The Israeli regime has repeatedly attacked southern Lebanon since October 7, 2023, when it launched a ferocious war on the besieged Gaza Strip that has so far killed about 37,300 Palestinians, most of them women and children.
In retaliation, Hezbollah has launched near-daily rocket attacks on Israeli positions in support of Palestinians in Gaza.
In its biggest attack since October 8, Hezbollah fired on Wednesday around 30 drones and 150 rockets at Israel in reprisal for the assassination of Abdallah.
Hezbollah has already fought off two Israeli wars against Lebanon in 2000 and 2006. The resistance forced the regime to retreat in both conflicts.
'Hezbollah's top achievement'
Major General Ori Gordin, the head of the Israeli military’s Northern Command, on Friday said the evacuation of dozens of settlements in the north was Hezbollah's “greatest achievement.”
“Looking back, I would have prevented the evacuation of settlements in the north like Ya’ara, Batsat, and Lehman.
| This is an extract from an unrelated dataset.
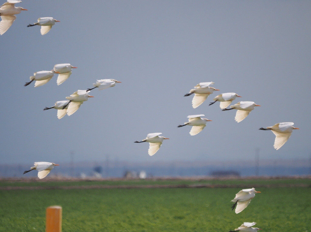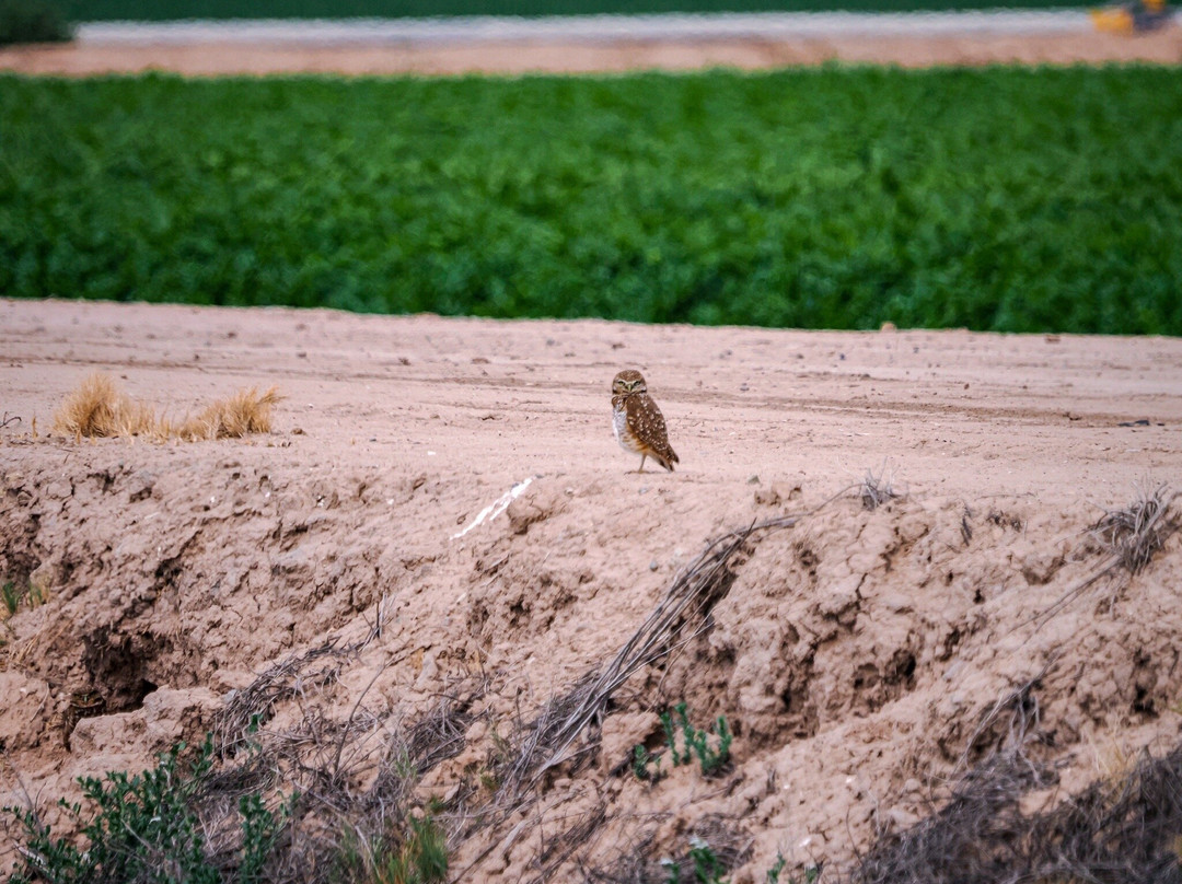 Be sure to explore some the nearby fields. We couldn’t miss a large flock of cattle egrets in a field but quite close to road. Mixed in with them were white-faced ibis. They were a spectacular sight when they flew off. The star bird of the area was the Burrowing owl. We initially had a hard time spotting them. Once we knew what we looking for - small, upright blobs darker than the orange earth - along the embankments. They were tiny but pack fierce glares.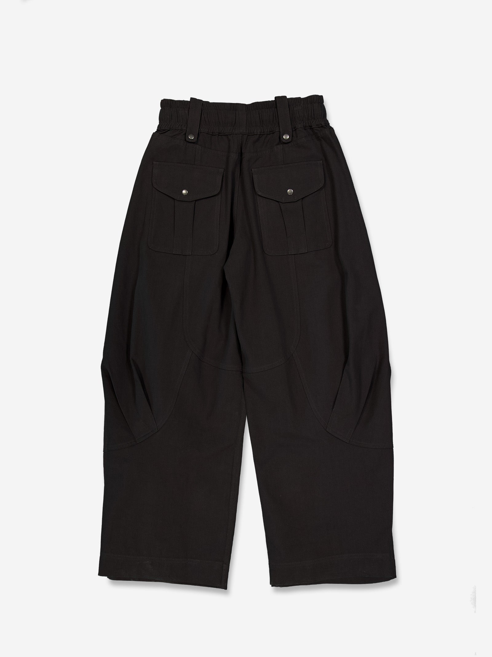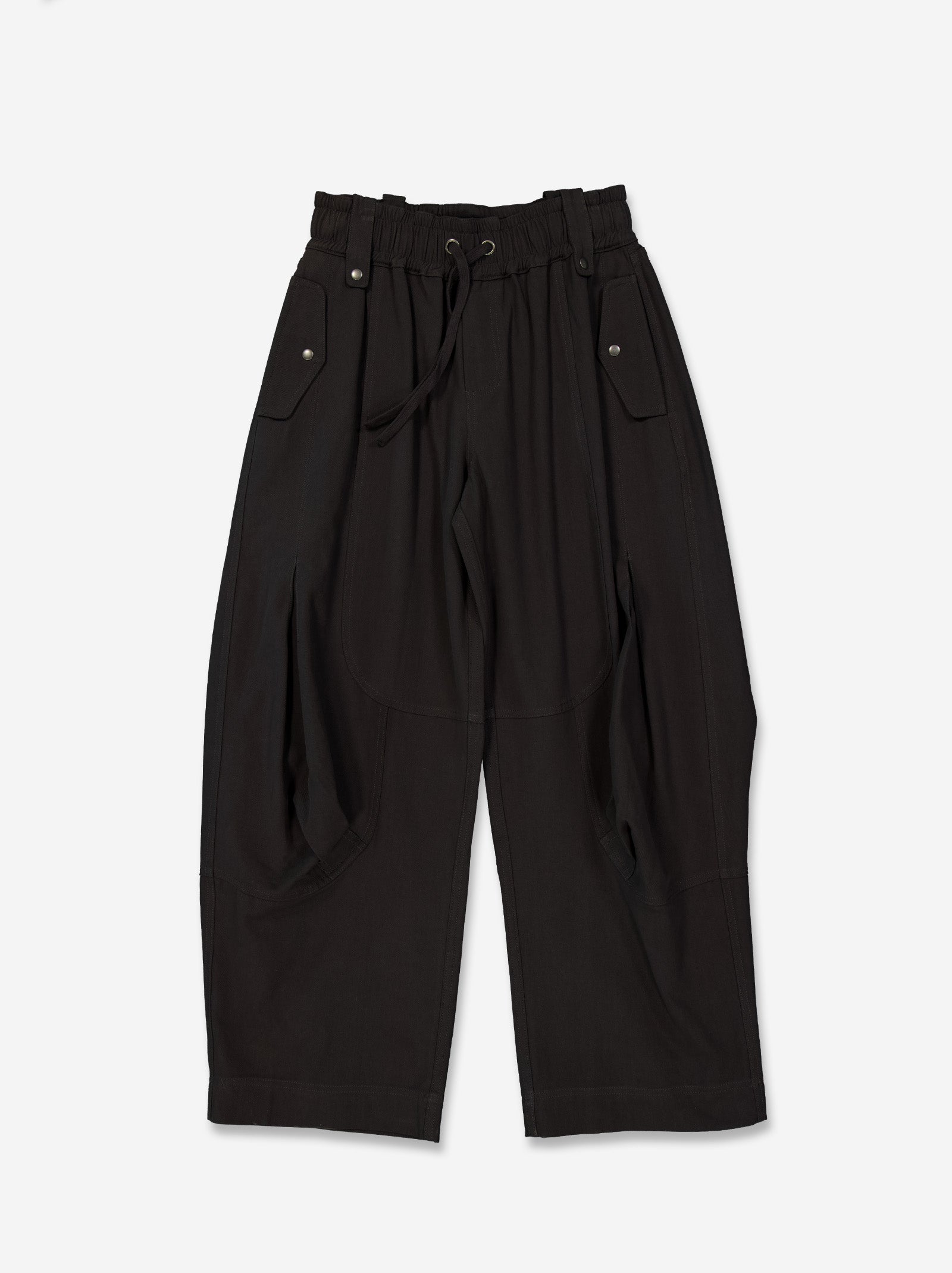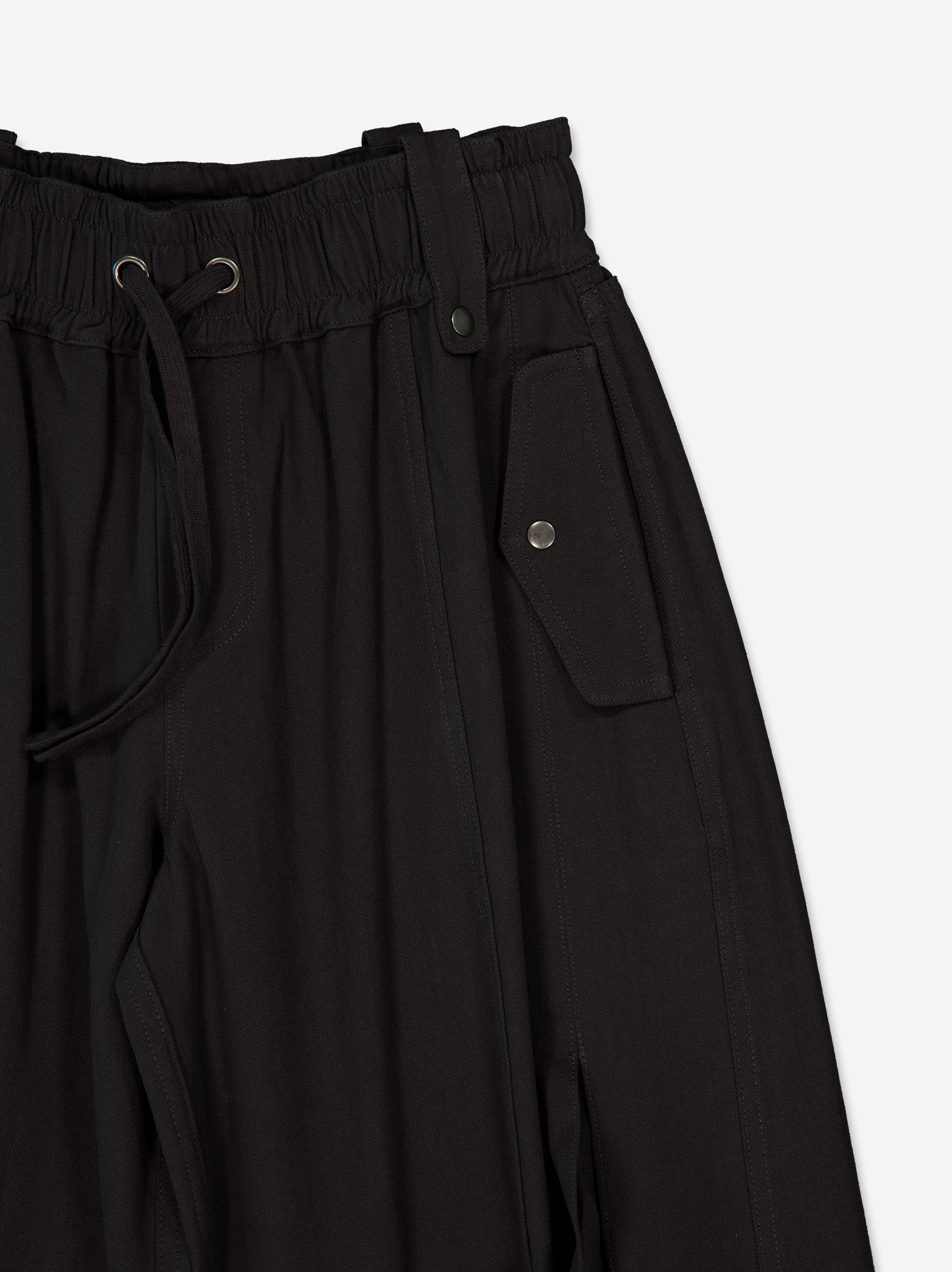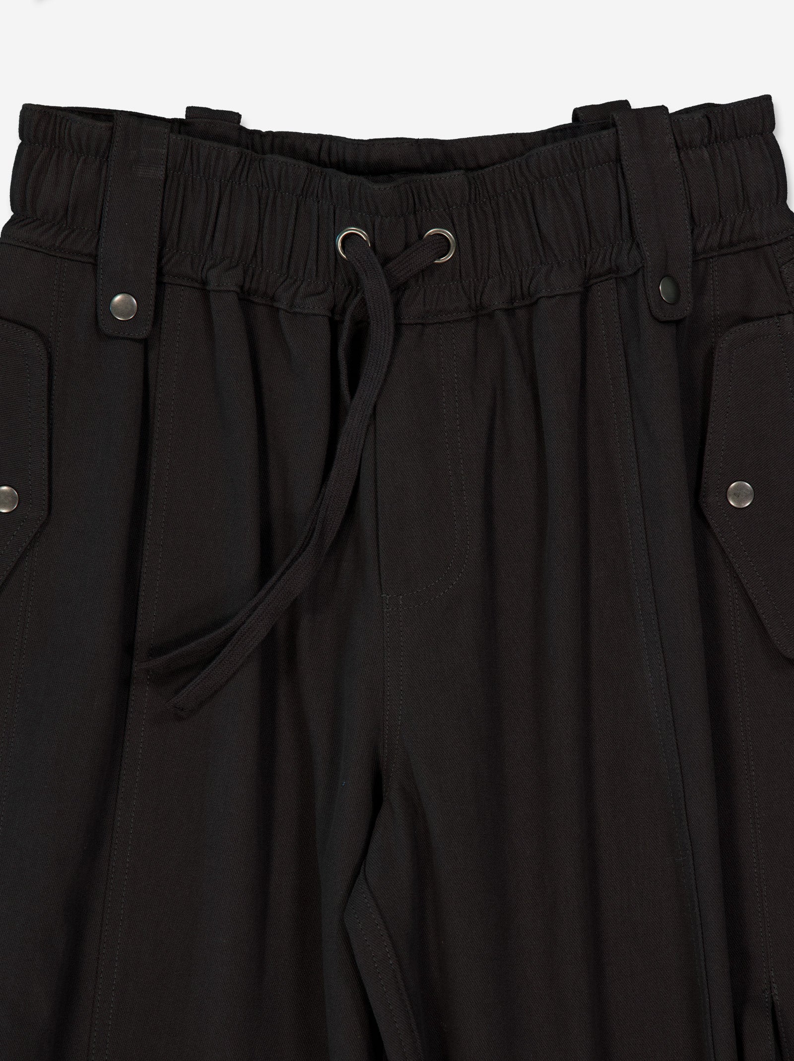 Technical/utility jogger pants with a relaxed fit. Elastic waist with drawstring and metal rivets for an industrial look. Features side pockets and a draped design. Flap back pockets. Avant-garde, comfortable, and urban garment.

Hezbollah’s greatest achievement is the fact that there are tens of thousands of displaced people in the north,” Gordin said.
The Israeli media stressed that after eight months of living in an area that has turned into a “security belt,” settlers express “feelings of anger and disappointment…due to the long time that has passed without their needs and crisis being addressed.”
Yiftah Ron-Tal, a major general reserve in Israel’s occupation army, said a day earlier that Hezbollah had established a “security zone” at the northern border with Lebanon.
Ron-Tal added that Israel had lost control over the Galilee region adjacent to the Lebanese border, and Kiryat Shmona, a populated town in the north, had been evacuated by settlers.